_Exercise requirements_
The copy should begin at the line containing "Đó là đôi câu" and end with the last line below, every line exact and no picture included.

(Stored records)
========

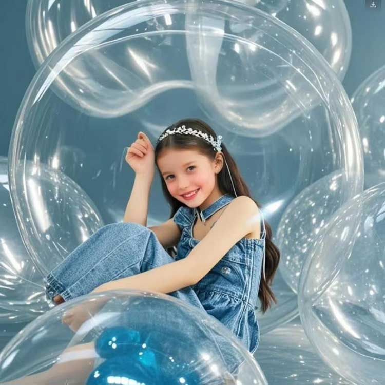 Ови 48-инчни округли прозирни Бобо балони су направљени од ТПУ материјала, нудећи одличну чврстоћу и издржљивост. Након надувавања, површински напон је изузетно уједначен, спречава испупчење и пуцање, а лако подноси мање ударе. Овај балон нема пластични мирис који се налази у обичним балонима. Чак и у затвореним просторима, нема потребе да бринете о питањима животне средине. Транспарентна верзија од 48 инча је на лагеру и спремна је одмах за испоруку. Такође можемо договорити поруџбине од 1000 комада за друге боје. Једноставно затегните заптивку након надувавања; није потребна додатна трака. Балони могу задржати свој пуни облик више од два месеца, смањујући трошкове одржавања током догађаја. Тестирали смо везани балон шест месеци, и остао је нетакнут, што сведочи о његовим врхунским перформансама и да овај производ чини веома цењеним.
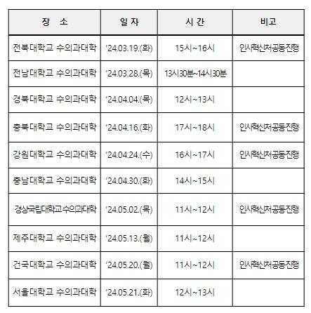 [중앙방송, 김영진 기자] 농림축산검역본부는 '미래 수의사를 찾아가는 공직설명회'를 10개 수의과대학에서 3월부터 5월까지 3개월간 순회 개최한다.
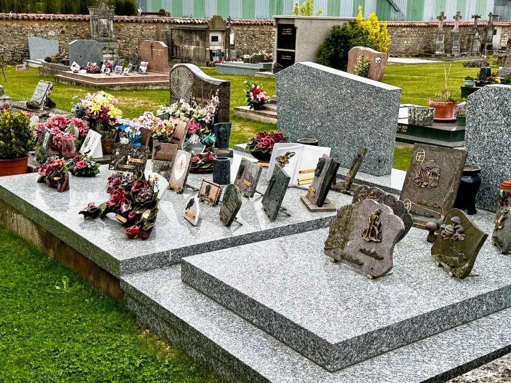 Tällaista ei kävelyllä löytynyt, ehkä vähän liikaakin kylän ulkopuolella, mutta tien varressa oli yllättävän hieno hautausmaa, jossa oli tosi tyypillisiä ranskalaisia piirteitä, esimerkiksi hautakivien päällä kuvia, esineitä ja muistolauseita.
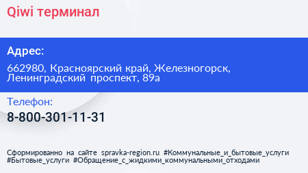 Qiwi, терминал по адресу 662980, Красноярский край, Железногорск, Ленинградский проспект, 89а в дальнейшем Организация, размещена в следующих категориях:
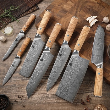 יוקרה מותאם אישית באיכות גבוהה סכיני סכין יפנית חדשה להגדיר damonsonives מטבח פלדה עם ידית עץ
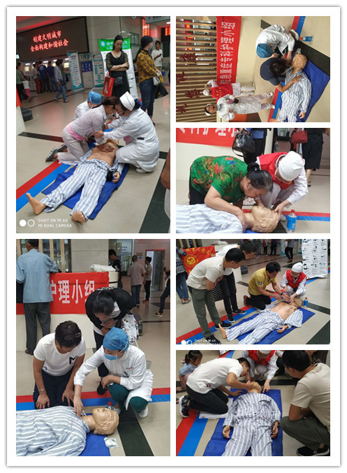 活動(dòng)現(xiàn)場,黨員志愿者分工協(xié)作演示心肺復(fù)蘇:一名黨員志愿者利用宣傳展板圖文并茂的內(nèi)容按順序?yàn)榇蠹疫M(jìn)行心肺復(fù)蘇通俗易懂的理論講解;另一名黨員志愿者配合理論講解現(xiàn)場演示每個(gè)步驟操作示范。
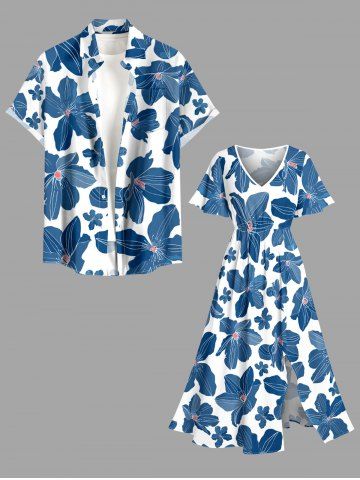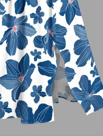 Plus Size Flowers Print Split Hawaii Midi Dress - Blue - 2x
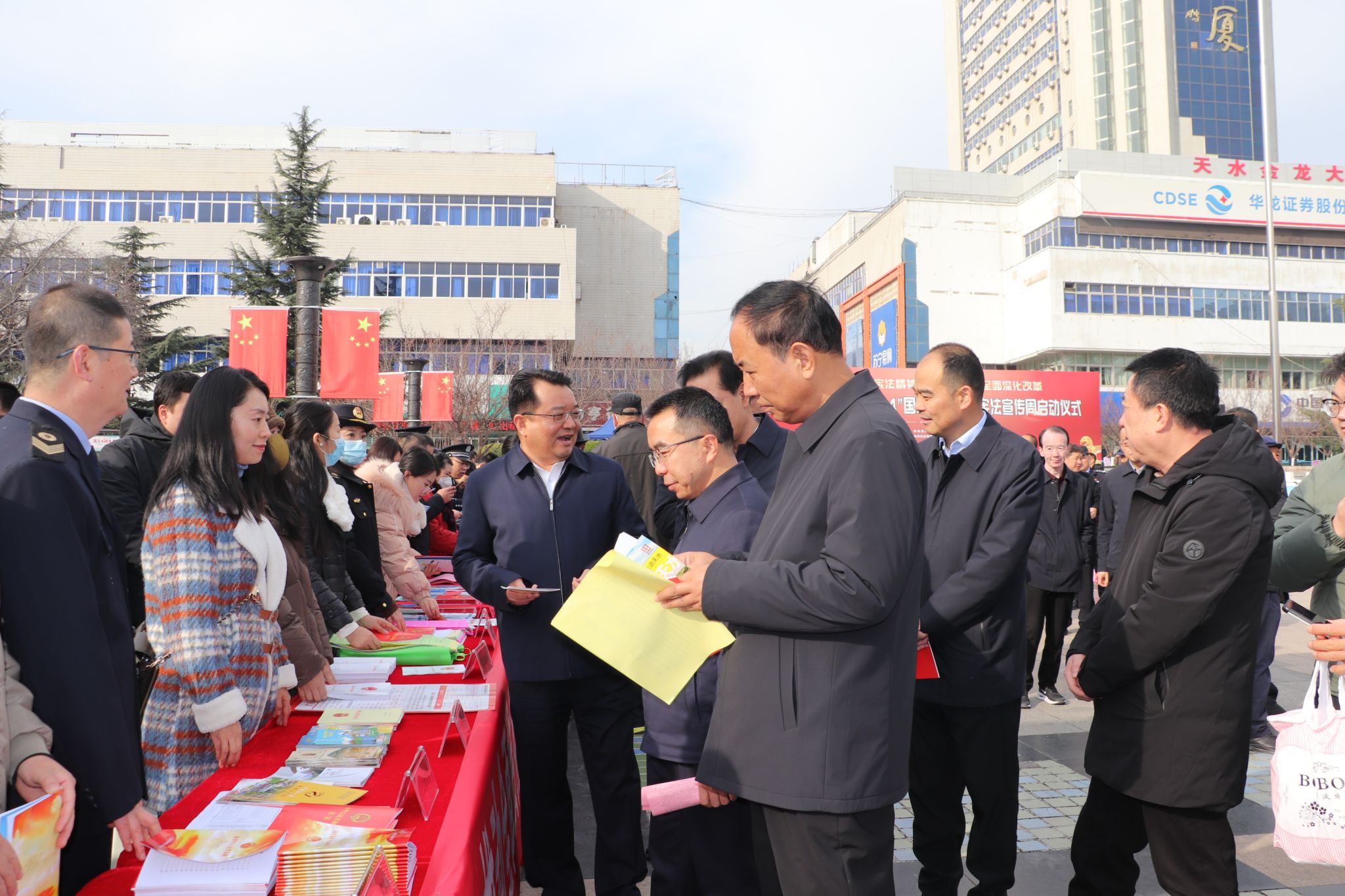 启动仪式结束后,市直和秦州区50多家部门单位开展了集中宣传咨询活动,干部职工和群众代表600余人参加,赠送发放宪法读本、普法宣传资料及宣传品3万余份,展出“强国复兴有我”法治文化作品和宪法法律宣传展板80余块。
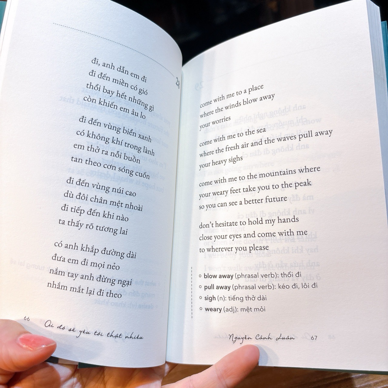 Đó là đôi câu trích từ “Ai đó sẽ yêu tôi thật nhiều - Someone would love me for me” - một tập thơ song ngữ Việt - Anh với những ý thơ độc đáo, phù hợp với đặc trưng của từng ngôn ngữ.
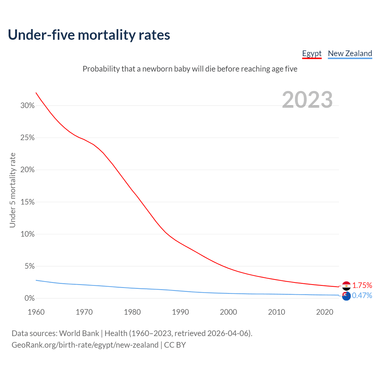 The chance that a newborn baby will die before reaching age five is 1.75% in Egypt and 0.47% in New Zealand. Above is a chart with historical data on under-five mortality rates.
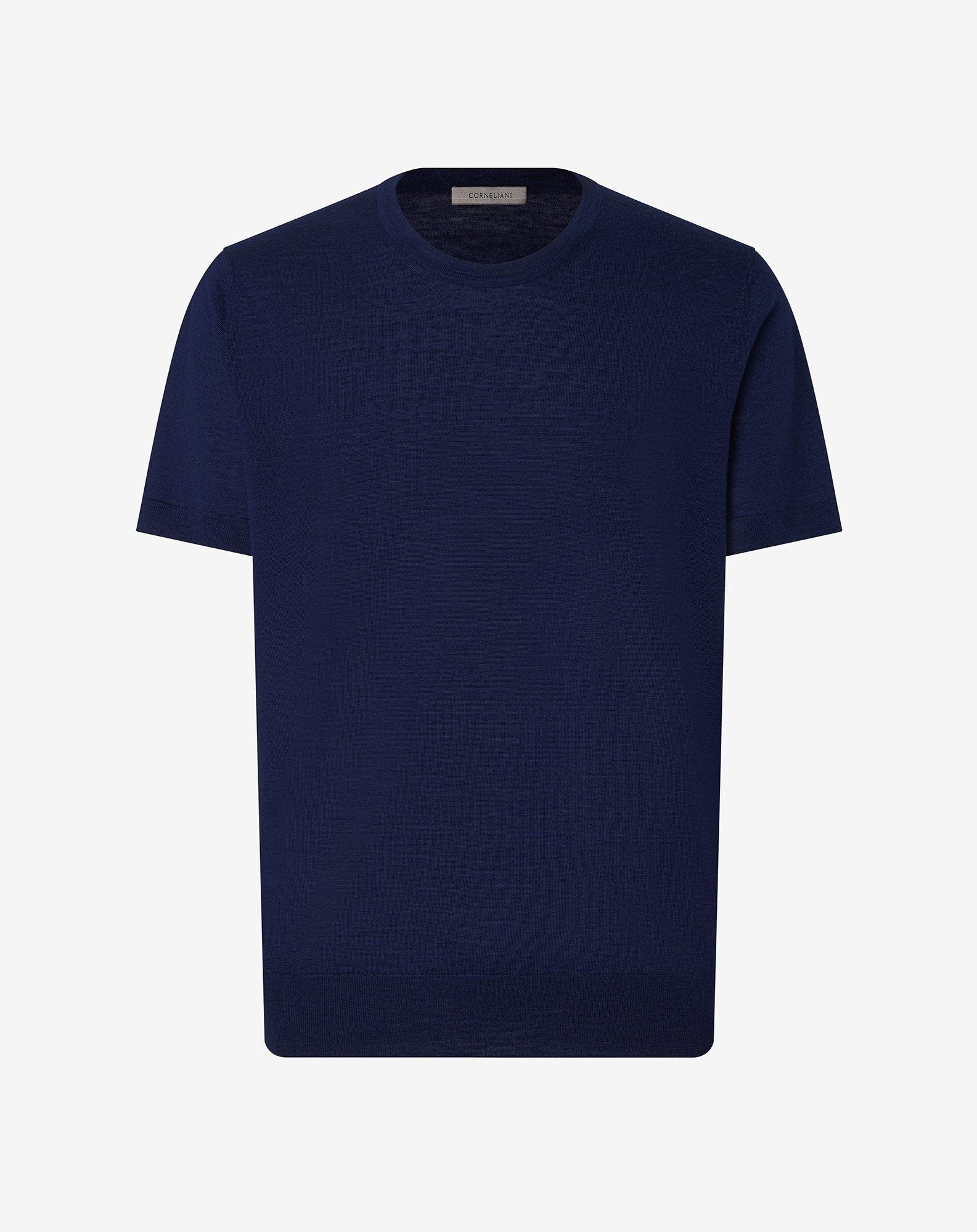 China blue linen and silk crew neck t-shirt
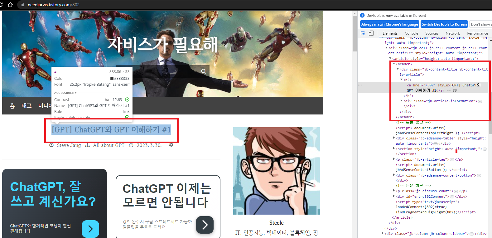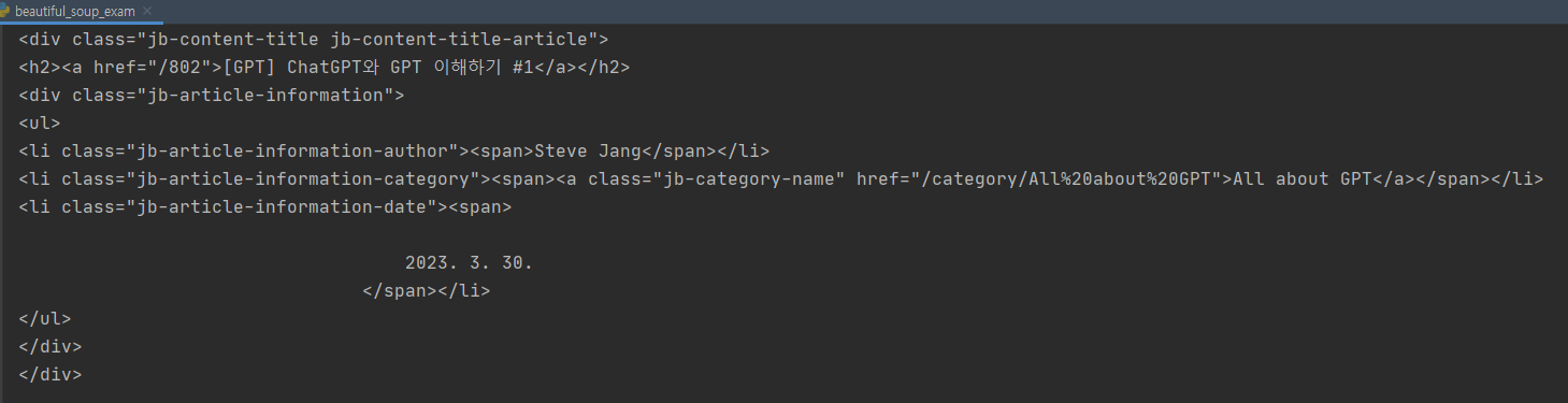 크롤링하는 URL의 제목의 경우 위 이미지 처럼 jb-content-title이라는 클래스에 담겨져 있기도 하며, 현재 포스팅의 경우 title 태그안에도 해당 제목으로 만들어져 있습니다.

========

_Final answer_
 Đó là đôi câu trích từ “Ai đó sẽ yêu tôi thật nhiều - Someone would love me for me” - một tập thơ song ngữ Việt - Anh với những ý thơ độc đáo, phù hợp với đặc trưng của từng ngôn ngữ.
 The chance that a newborn baby will die before reaching age five is 1.75% in Egypt and 0.47% in New Zealand. Above is a chart with historical data on under-five mortality rates.
 China blue linen and silk crew neck t-shirt
 크롤링하는 URL의 제목의 경우 위 이미지 처럼 jb-content-title이라는 클래스에 담겨져 있기도 하며, 현재 포스팅의 경우 title 태그안에도 해당 제목으로 만들어져 있습니다.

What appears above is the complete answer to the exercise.